# Cape Coral/ Florida/ USA



## Timo1984-1 (16. April 2014)

Hallo Zusammen, 

im Mai haben meine Freundin und ich für 1 Woche ein Ferienhaus mit Anleger direkt südlich in Cape Coral. 
Ich habe geplant ein paar Würfe zu machen. 

Wisst ihr welche der zwei Lizensen dort notwendig ist?

Welches Gerät empfehlt ihr  --> Speziell Reiserute, Rolle und Schnur (geflochtene?). 

Könnt ihr Angelläden in der Gegend empfehlen?

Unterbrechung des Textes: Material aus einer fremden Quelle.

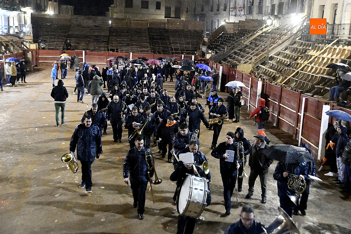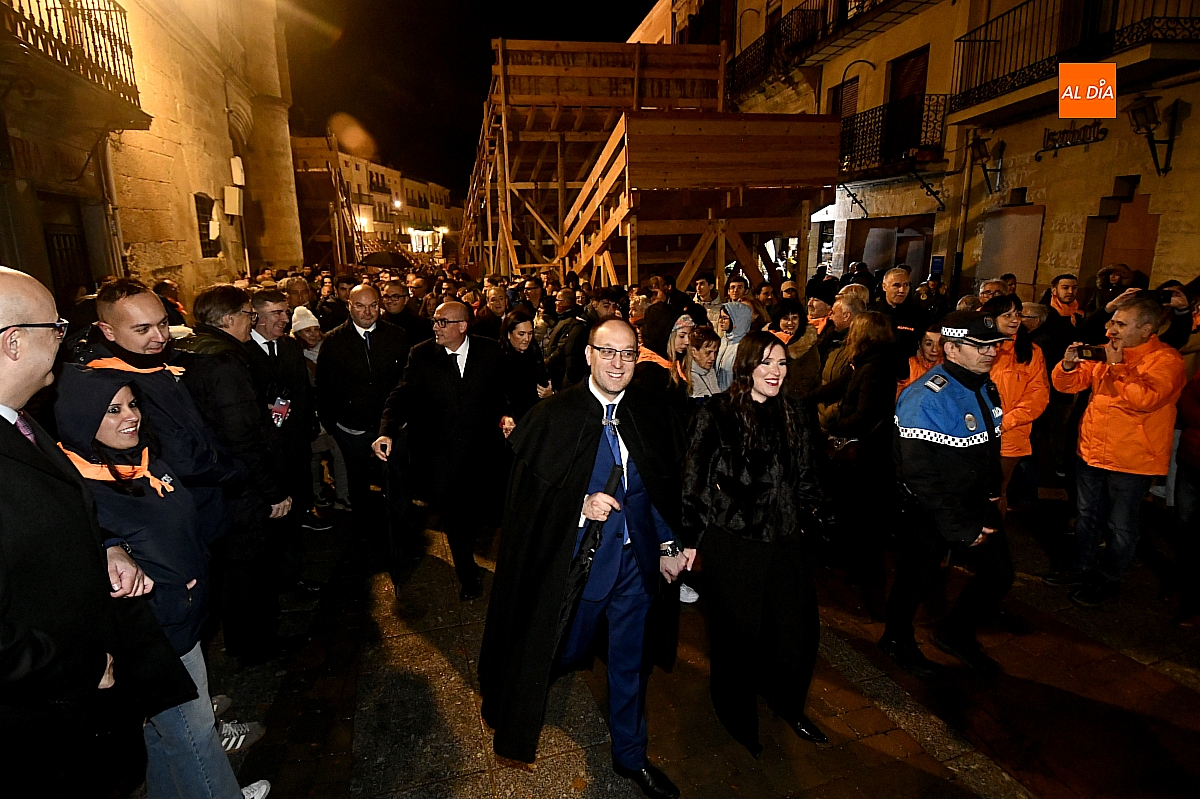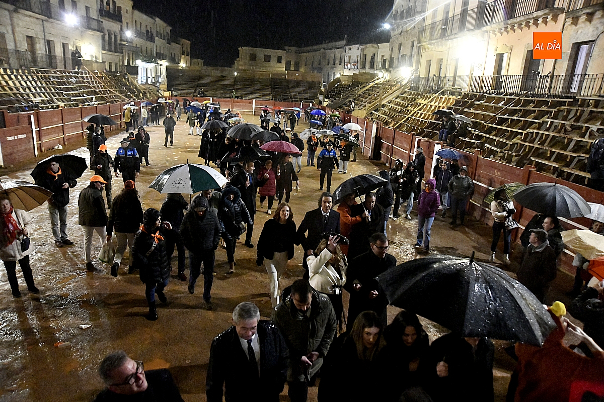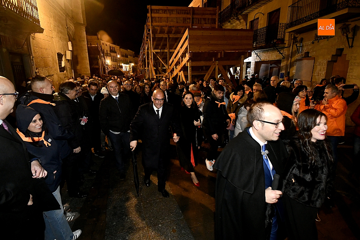 La jornada se inició ante las puertas de la Catedral, donde autoridades y vecinos mirobrigenses dieron la bienvenida al pregonero, investido en esta edición de un protagonismo singular al asumir un triple cometido dentro de las celebraciones. Desde allí partió el cortejo, acompañado por la Banda Municipal de Música, en un pasacalles que la intensa lluvia deslució, obligando a los asistentes a refugiarse y restando brillo a un trayecto concebido para la cercanía y el bullicio.

Eventuell leihen wir für 3 Tage ein Boot. Habt ihr Erfahrung mit der Angelei vom Boot in der Gegend?

Vielen Dank vorab.


----------



## Franky (16. April 2014)

*AW: Cape Coral/ Florida/ USA*

Moin...
Tipp mal hier Cape Coral oder Florida ein...
http://www.anglerboard.de/board/search.php?

Viel Spaß beim Lesen... :m


----------



## guifri (16. April 2014)

*AW: Cape Coral/ Florida/ USA*

Hi,

willkommen an Board:

Ich mach´s dir mal etwas leichter

http://www.anglerboard.de/board/showthread.php?t=249193&highlight=cape+coral

http://www.anglerboard.de/board/showthread.php?t=258344&highlight=cape+coral


http://www.anglerboard.de/board/showthread.php?t=238076&highlight=cape+coral

http://www.anglerboard.de/board/showthread.php?t=237514&highlight=cape+coral

http://www.anglerboard.de/board/showthread.php?t=195208&highlight=cape+coral&page=2

Wenn dann Fragen offen bleiben, einfach gezielt fragen. Hier waren schon etliche mehr oder weniger Experten in Cape Coral. Du brauchst die Saltwaterlicense.


----------



## Largemouth (29. April 2014)

*AW: Cape Coral/ Florida/ USA*

Hallo,

du brauchst fur beides einen schein fur suss oder/und salzwasser.
Am besten kaufst du einen in denn Bass Pro shop in Fort Meyers.
Du musst aber unbedingt sagen das du ein schein fur beides brauchst, denn unterschied ist nur einen dollar !
Als tip kann ich dich mittgeben das du unbedingt von die brucke aus angeln musst schwissen Sanibel und Captiva Island (parkplatz auf 50m). Shrimp ist das richtige koder oder greenbacks (kofi). Hier wird snook,hai,scheapshead,redfish, usw. gefangen. Adresse Bass Pro ist: 10040 Gulf Center Dr, Fort Myers, FL 33913 USA.
Viel gluck im Cape Coral


----------



## TarponChris (2. Mai 2014)

*AW: Cape Coral/ Florida/ USA*

Wenn du einen Snook entnehmen möchtest, benötigst du zusätzlich eine "Snook Permit".

siehe auch http://myfwc.com/fishing/


----------